目指すところは〝三方良し〟

省庁連携による「持続可能な物流の実現に向けた検討会」で中間とりまとめ案が示された。昨年9月2日の初会合から業界団体、事業者のヒアリングと議論を重ね、5回目の会合で具体的な政策の方向性を示した。
現状課題を把握する中で、NX総研が改正改善基準告示による3300時間の運用で14%の輸送が不足するという試算や、政策面で既存のガイドラインでは効力が弱く、類似法令を参考に規制的措置を講じるとの方向付けは大きなインパクトがある。それだけ物流事業者のみならず荷主、社会全体でも物が運べない危機意識が深刻化している表れだろう。
今後、荷主団体等にヒアリングし、5~6月にもKPIなどより明確な目標数値を立てて最終取りまとめを公表する考えだ。〝2024年問題〟が現実のもとして迫る中、示した政策が法令等に反映されるよう迅速な対応が求められる。
荷主の物流改善を促すより実効性ある措置として、類似法令を参考に規定する考えだが、例えば経営者層の意識改革では、省エネ法のエネルギー使用の改善に係る業務管理者の選任をあげる。また、待機・荷役時間や納品回数・リードタイムなど改善計画についても、省エネ法の中長期計画の作成や定期報告に係る規定を参考とするなどより明確に方向付けている。
一方でトラック運送業界の多重下請構造の是正については、一括下請の禁止など建設業法の例をあげるが、業界特性の配慮が必要とし、まず多重下請の現状や、契約と実際の業務内容の関係を調査した上で必要な措置を講じるとしている。
荷主の中でもとくに着荷主の物流改善が急がれる。検討会の議論でも多くの意見が聞かれる。
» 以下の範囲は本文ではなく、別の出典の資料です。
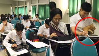 เอ็นดูมาก!! นศ.สัตวแพทย์หนุ่ม หอบแมวส้ม มานั่งเรียนด้วย ทาสแมว ทาสใจสุดๆ
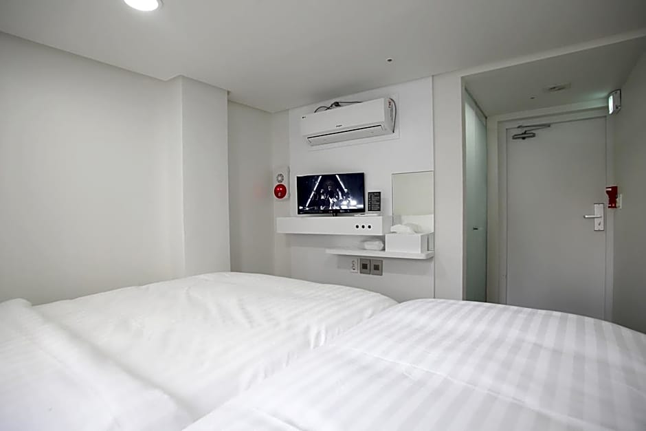While this hotel offers basic, inexpensive rooms, we have never been disappointed with the service, cleanliness, and room amenities. There is power for both Korean and US gadgets. The beds are comfy. The shower room has everything you need. Great value for the money.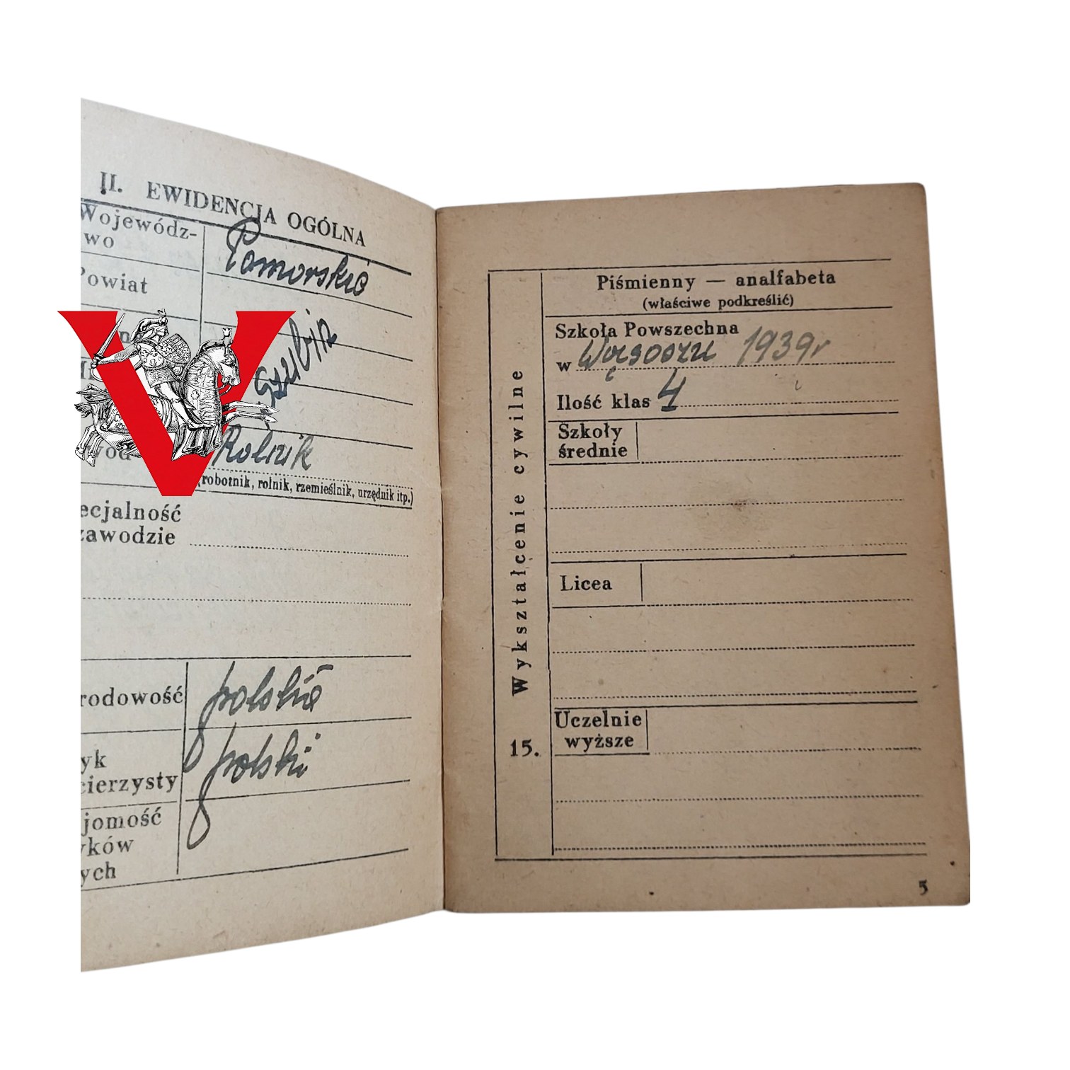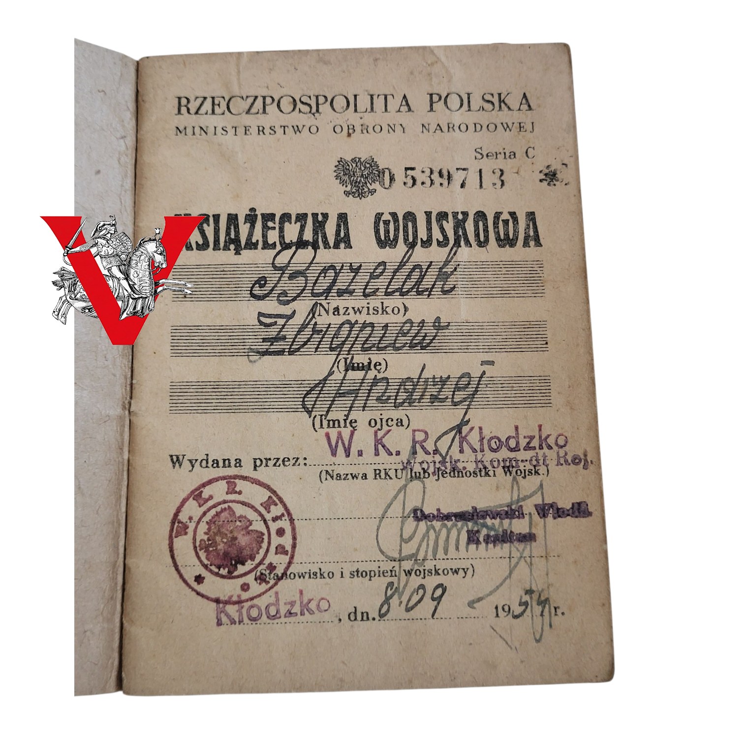 Książeczka Wojskowa z bardzo ciekawymi wpisami.

第4回の会合で示した骨子案に対し小売り4団体が意見表明した。「国の政策の対象となることについては、その選定と措置内容に係る十分な実態把握に基づく根拠と必要性」を求めた。様ざまなサプライチェーンを俯瞰し、どこにどのような問題がどの程度存在するのかを把握すべきとした。
メーカーも調達物流では着荷主である。サプライチェーン全体で取引関係におけるさらなる可視化が求められる。
中間取りまとめ案には「物流事業者・荷主企業・消費者が〝三方良し〟となる社会を目指す」としている。とくに足元が厳しい物流業界としては施策の実効性と迅速さが望まれるが、持続可能とするにはそれぞれウィンウィンの関係が前提となる。